Saturday, October 31, 2015

City of Austin attacks The First Amendment

"For God has not given us a spirit of fear, but of power and of love and of a sound mind."
2 Timothy 1:7

Sigh, it looks like the City of Austin wants to get in on the donor intimidation game:

Adler proposes dark money ordinance

Mayor Steve Adler, who was the subject of dark money attacks during his campaign for mayor in 2014, is proposing an ordinance to deal with the problem. Members of the City Council Audit and Finance Committee discussed the matter Wednesday and voted unanimously to forward Adler’s resolution to the full Council for its consideration.
That resolution describes dark money this way: “In an attempt to hide their funding of election activity, large political actors across the country have been funding such activity through non-profit organizations and other entities that generally do not have to disclose their funding sources.”
The resolution also states that an ordinance addressing the issue needs to be in place at least six months before next November’s election “to ensure election funding transparency.”
The resolution directs the city manager to draft an ordinance for the Audit and Finance Committee’s consideration in November after reviewing dark money laws and proposals in other jurisdictions.
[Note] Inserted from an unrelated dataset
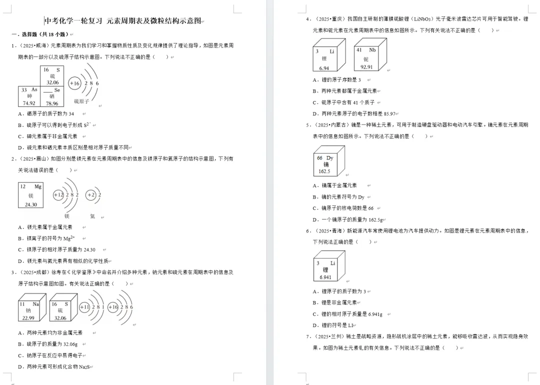 元素周期表及微粒结构示意图(含解析)

Those other jurisdictions include California, which, according to the resolution, has “passed and implemented effective laws that require timely public disclosure of heretofore dark money.”
The resolution specifically asks staff to identify effective laws to ensure comprehensive disclosure of election contributions and expenditures “that are funneled through 501(c)4 non-profit organizations and other non-disclosing entities and persons.” The reference draws from a part of the Internal Revenue Code that allows certain nonprofits organized to promote social welfare to spend some of their funds on political expenditures.
Read the whole thing here.

It's also worth noting that if this resolution passed the Audit and Finance committee unanimously, that means Ellen Troxclair voted for it.

Bottom Line: The first amendment protects anonymous speech.  Heck, the Federalist Papers were originally written anonymously.  The City of Austin has no business suppressing speech or intimidating donors.